Ты – сильный? Да какая же это сила, если ты настолько раним, что заболеваешь от неуспеха книги, и настолько тщеславен, что стоит глупцу обмолвиться о тебе добрым словом, и ты готов усомниться в его глупости? Тебе и в самом деле раза два или три в жизни пришлось бороться за свои идеи. Но ты вступал в борьбу, только тщательно все взвесив, когда был уверен в победе этих идей. В одну из редких минут откровенности ты однажды сделал мне признание, о котором, наверное, тотчас пожалел с присущей тебе осторожностью, признание, которое я не без злорадства храню в памяти.
«Чем старше становится писатель, – сказал ты, – тем радикальнее должны быть его взгляды. Это единственный способ привлечь к себе молодежь».
Бедные юноши! С наивным восторгом упиваясь твоими «Посланиями», они и представить себе не могли, насколько притворен пыл их автора, с каким продуманным макиавеллизмом они написаны.
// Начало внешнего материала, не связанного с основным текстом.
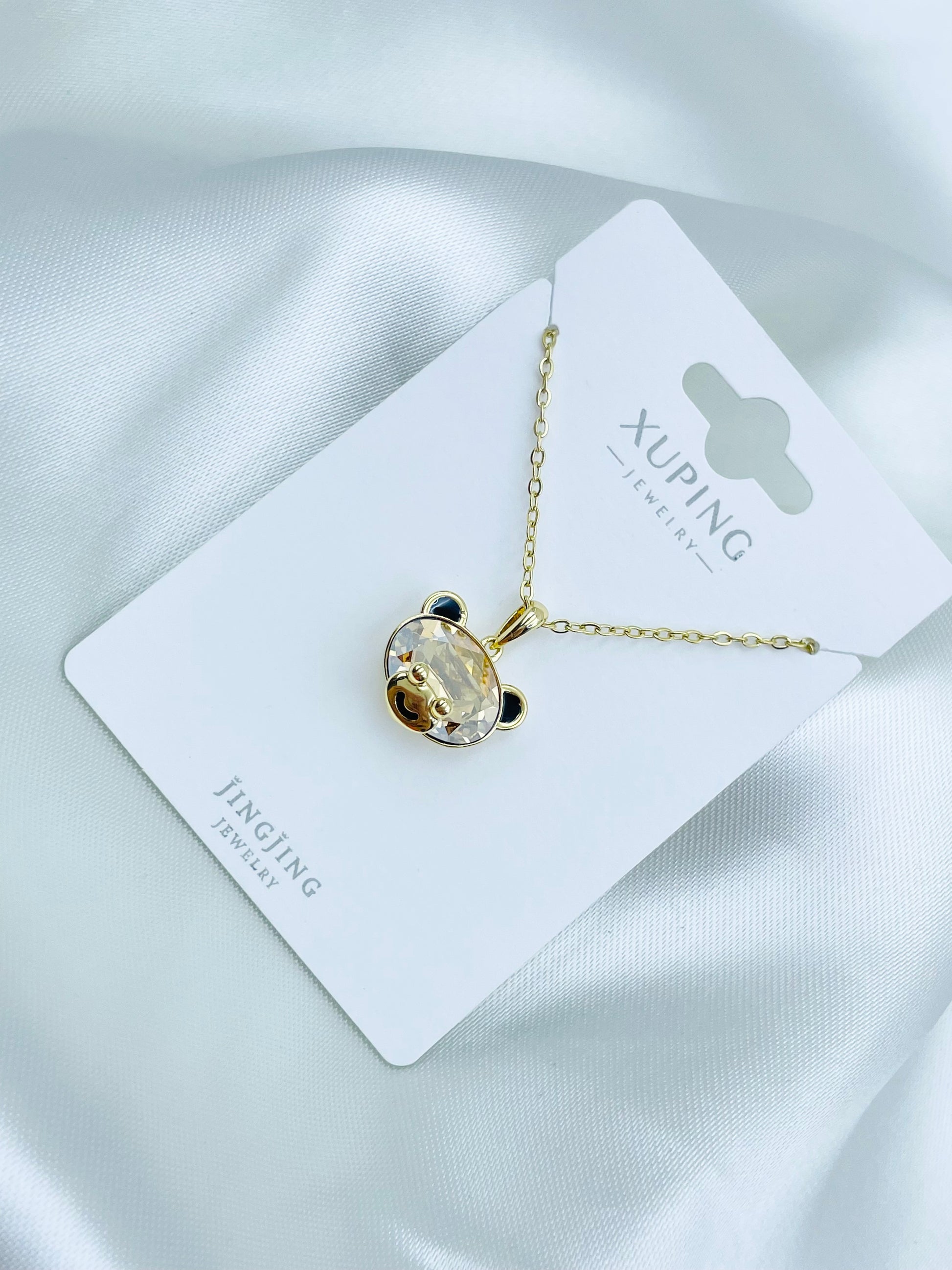 Este collar Xuping Jingjing es una pieza elegante y femenina con un encantador dije de cabeza de oso en cristal Swarovski en un hermoso tono gold. La cadena mide 45cm y se ajusta perfectamente al cuello, agregando un toque de brillo y sofisticación a cualquier atuendo. ¡Haz una declaración con este collar único y exquisito!

Да, Жером, в тебе нет ни силы, ни мужественности… Может, на первый взгляд это покажется жестоким, но придется сказать тебе и это. Ты никогда не был настоящим любовником, милый Жером. После того как мы с тобой разошлись, я узнала физическую любовь. Я вкусила ее покой и блаженство, узнала счастливые ночи, когда женщина, не ведая больше никаких желаний, засыпает в объятиях сильного мужчины. Живя с тобой, я знала лишь грустное подобие любви, жалкую пародию на нее. Я не подозревала о своем несчастье; я была молода, довольно неопытна; когда ты твердил мне, что художник должен беречь свои порывы, я верила тебе. Правда, мне хотелось хотя бы спать рядом с тобой; я нуждалась в тепле твоего тела, в капле нежности, в капле жалости. Но ты избегал моих объятий, моей постели, даже моей комнаты. И при этом ты и не подозревал о моем отчаянии.